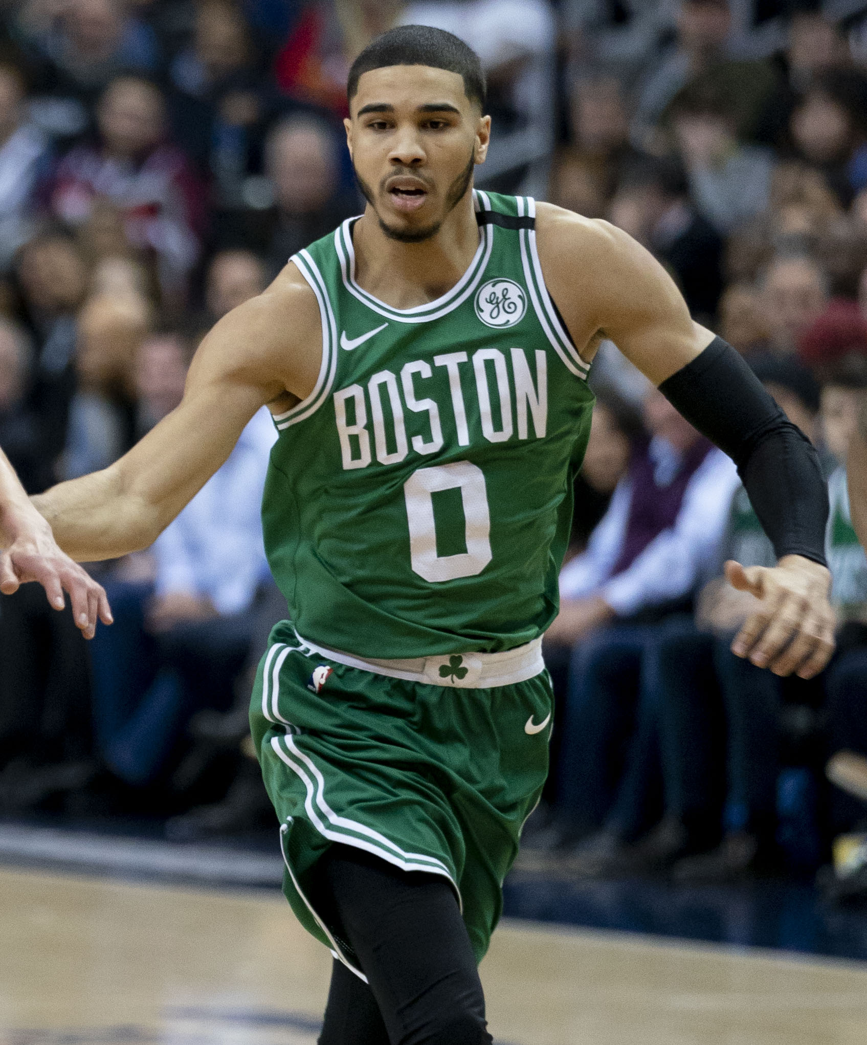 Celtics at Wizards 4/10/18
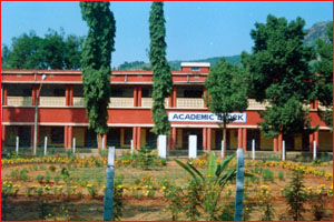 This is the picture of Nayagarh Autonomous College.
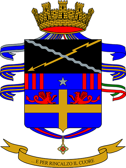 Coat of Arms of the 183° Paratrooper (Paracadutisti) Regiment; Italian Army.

**REQUIRED WORK:** The listing above must be printed again exactly, minus its pictures.

**SOLUTION:**
 Celtics at Wizards 4/10/18
 This is the picture of Nayagarh Autonomous College.
 Coat of Arms of the 183° Paratrooper (Paracadutisti) Regiment; Italian Army.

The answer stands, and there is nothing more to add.